Montag, 10. März 2014

Rezension: Rosa Mord von Nadja Quint

Der zweite Fall für Evelyn Eick
Der Düsseldorfer Geschäftsmann und Schwulenrechtler Bernd Brook genießt hohes Ansehen für sein soziales Engagement. Eines Morgens liegt er erdrosselt im Park, den Mund voller rosa Farbe.
Dies ist nur einer von zwei ritualisierten Mordfällen an homosexuellen Männern, mit deren Ermittlung die Düsseldorfer Hauptkommissarin Evelyn Eick vollauf beschäftigt ist. Sie vermutet bereits eine Serie, hinter der ein geistesgestörter Täter steckt, doch ein dritter Mord, nach ähnlichem Ritual ausgeführt, passt plötzlich nicht mehr in das Schema.
Auch Evelyns Privatleben verläuft nicht ausschließlich harmonisch. Ihr Vater ist inzwischen verstorben, und ihre Beziehung mit Lars, dem Rechtsmediziner, wird von dessen Töchtern aus erster Ehe skeptisch betrachtet. Die beiden Teenager wünschen sich, dass ihre Eltern sich wieder versöhnen, und Evelyn fühlt ihre Liebe zu Lars bedroht.
Als Evelyn schließlich glaubt, ihre drei Kriminalfälle gelöst zu haben, hört das Morden trotzdem nicht auf, und langsam aber sicher deckt sie ein menschliches Drama auf, dessen Wurzeln bis in die Fünfziger Jahre zurück reichen.
ROSA MORD thematisiert die Grenzen der Toleranz zwischen Menschen mit unterschiedlichem Lebens ideal in ihrer Gier nach Geld, Macht und Liebe.

Meine Meinung:
Dieses Buch hat mir sehr gut gefallen.
Das ist das erste Buch der Autorin das ich gelesen habe.
Ich war auch schon direkt drin im Geschehen, jedoch war mir von Anfang an klar, das der Mörder nicht in der Homosexuellen - Szene zu finden war.
Vielmehr hab ich ein persönliches Motiv hinter dem ganzen vermutet.

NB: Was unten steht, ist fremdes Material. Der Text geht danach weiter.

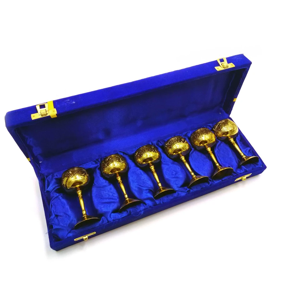 Рюмки бронзовые позолоченные (н-р 6 шт./50мл) (h-9 см) (36×12×5 см) купить в интернет магазине подарков ПраздникШоп
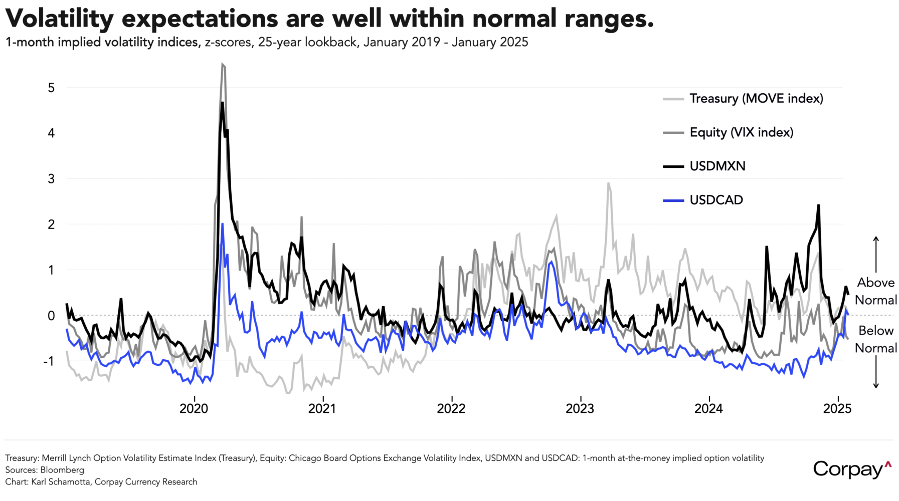 **Z-scores measure how far above the historical mean a given value is. At the moment, all four of our selected volatility measures—the VIX, MOVE, USDMXN, and USDCAD option values—are within 1 standard deviation of their 25-year norms.
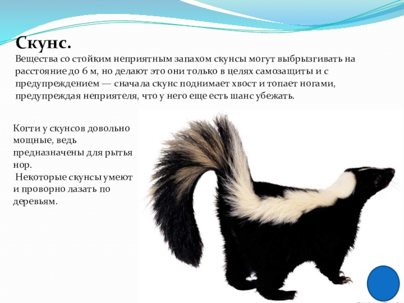 Когти у скунсов довольно мощные, ведь предназначены для рытья нор.
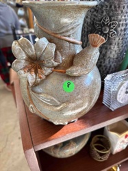 Studio Pottery Bulbous Vase with High-Relief Lily and Hummingbird
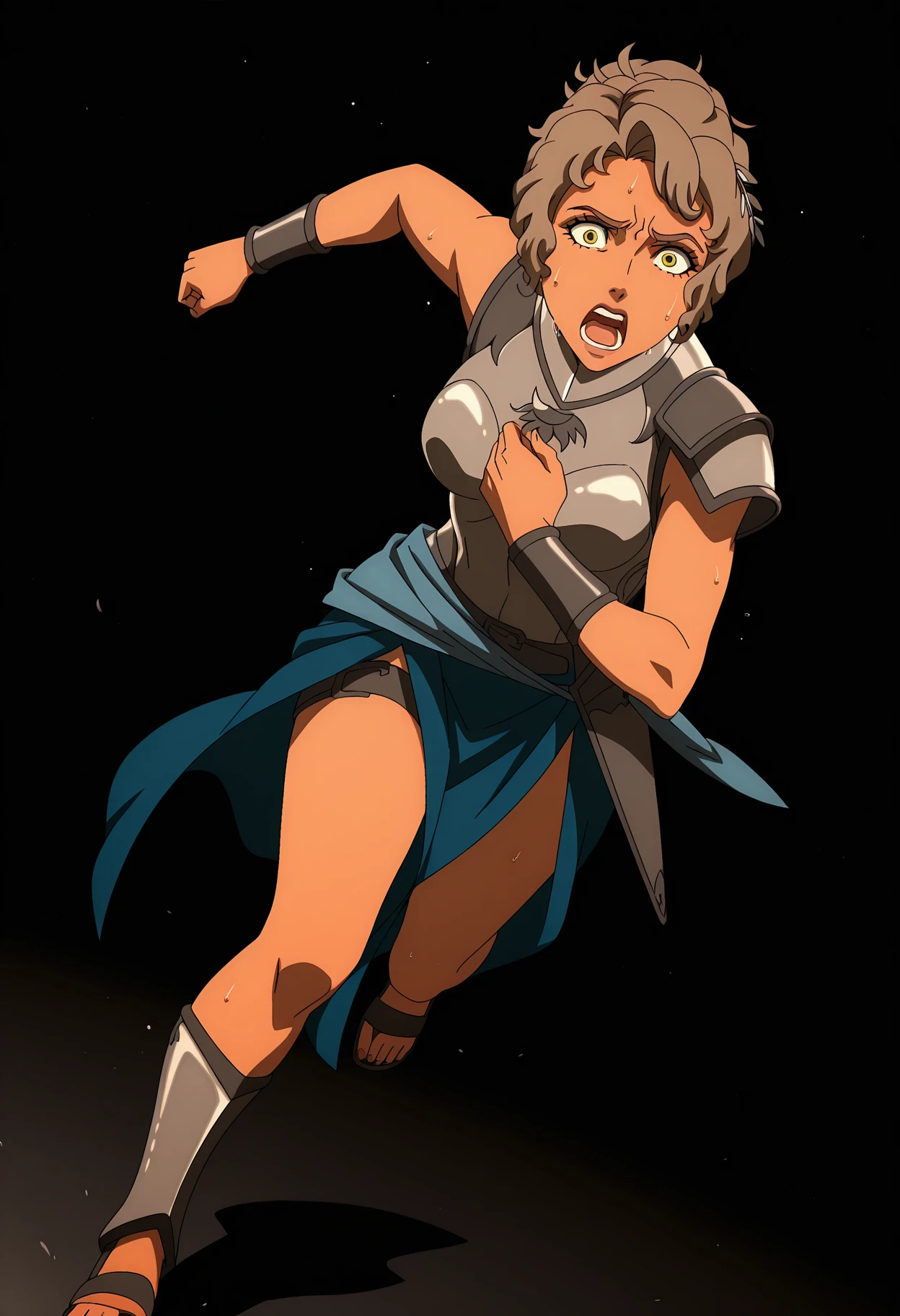 armor, full armor, breastplate, shoulder armor, pauldrons, bracer, blue skirt, faulds, greaves, sandals
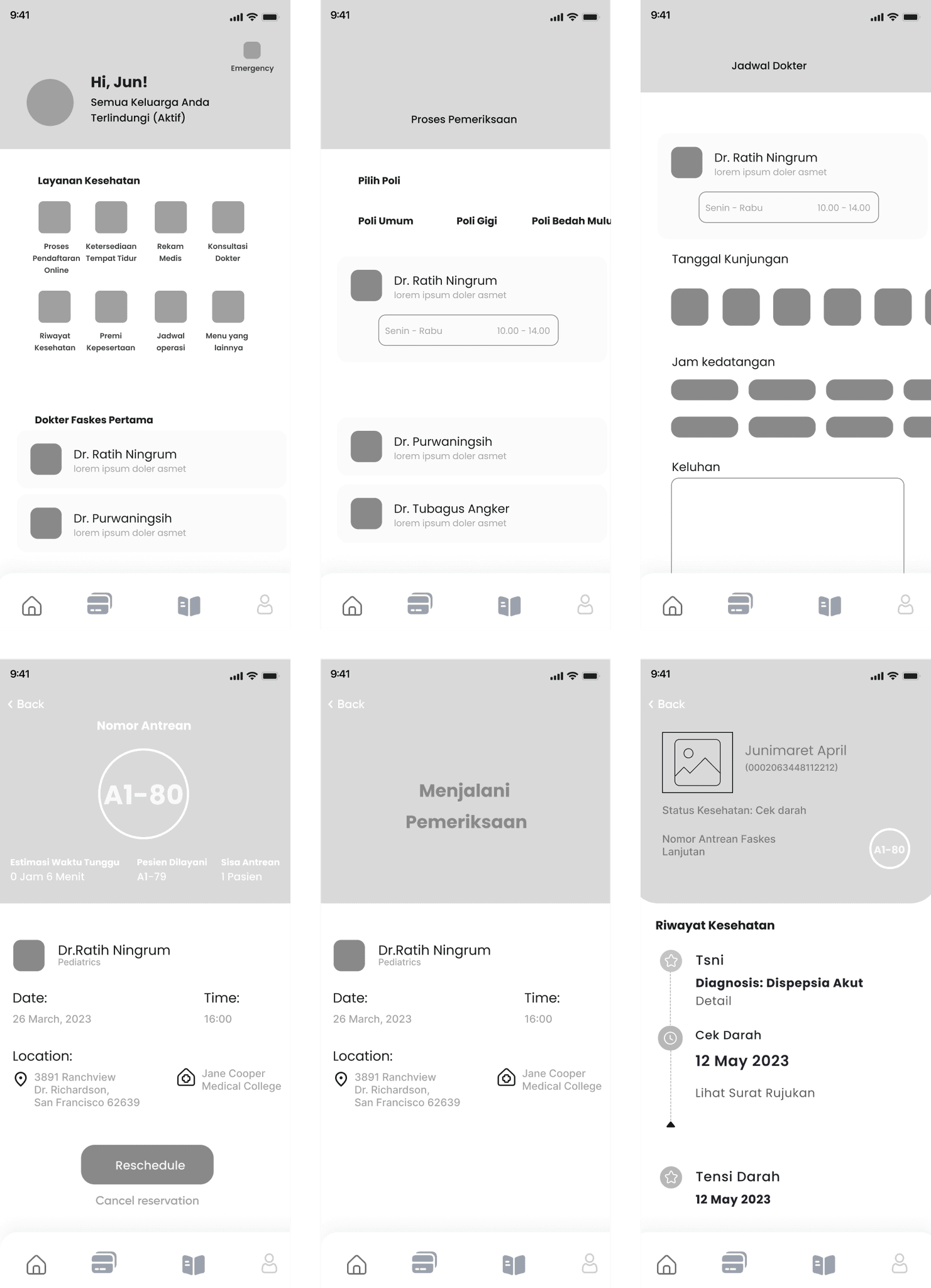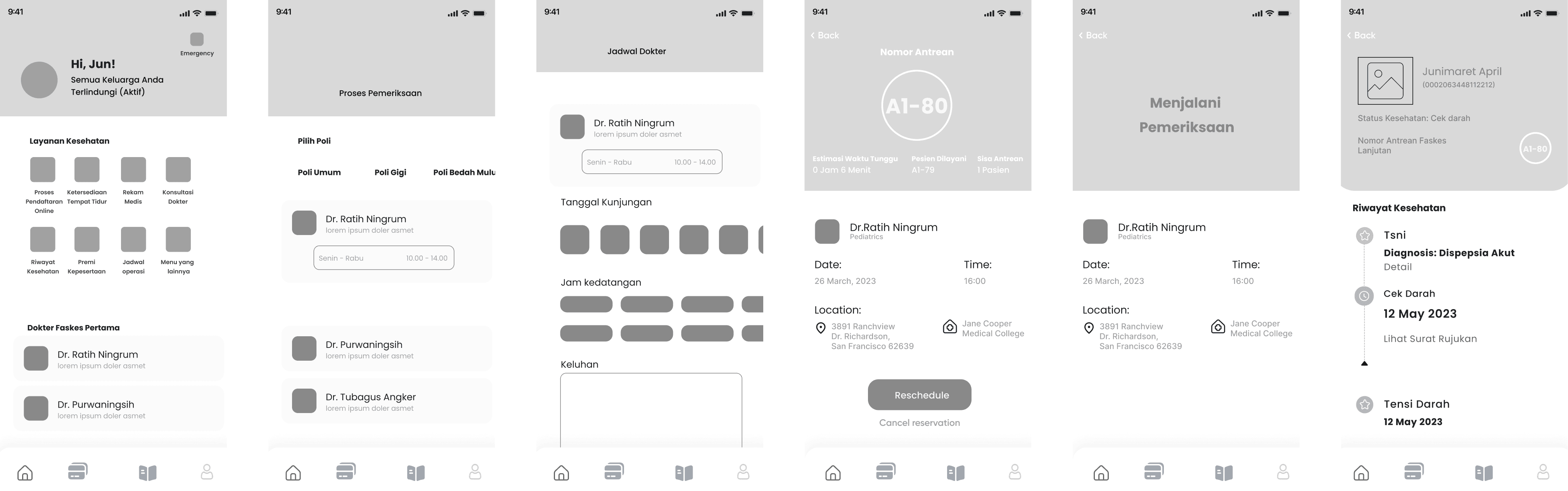 After defining the user flow, we created a wire flow, which we then finalized into a mockup prototype. In this wire flow, we redesigned the existing layout, making the revamped feature the main feature on the homepage so that users can easily find it. We also added a track record system, allowing users to view each step of their treatment process—from queue number registration to examinations at both primary and secondary hospitals. We named this revamped feature the Online Registration Process (Proses Pendaftaran Online).

Jedoch lag ich mit meinem ersten Verdacht , erstmal gründlich daneben.
Irgendwann änderte dann das Buch seine Richtung, was mir persönlich sehr gut gefallen hat, da sowas in meinem Augen erst einen guten Krimi ausmacht.
Die Auflösung am Schluss hat mich dann doch ziemlich erschüttert, mit sowas hatte ich selbst in meinen kühnsten Träumen nicht gerechnet.
Aber daran sieht man auch mal wieder, wie tief die Abgründe der menschlichen Seele gehen und das nie etwas ist, wie es scheint.
Die Ermittler waren mir sympathisch, wenn ich auch nicht von Anfang an eine Beziehung zu ihnen aufbauen konnte, so konnten sie dennoch mein Herz im Laufe des Buches erwärmen. Einzig anmerken würde ich jetzt vielleicht dabei, daß mehr Ecken und Kanten den Ermittlern nicht geschadet hätten, war in meinen Augen zuviel Friede, Freude, Eierkuchen, gab irgendwie keine Konkurrenz oder Antipathie, sowas ist  im wahren Leben eigentlich nicht zu finden, aber dafür wurde mein Schmunzelfaktor desöfteren mal erhöht.
Insdgesamt ein sehr tolles Buch, zunächst als einfache Geschichte getarnt, man wurde in eine Richtung gelockt und unversehens mit einmal in eine andere Richtung geschleudert, absolut brilliant.
Ich denke ich werd mir von der Autorin noch mehr zu Gemüte führen.
Ein gut geschriebener Kriminalroman der es geschafft hat, mich von Anfang an zu fesseln.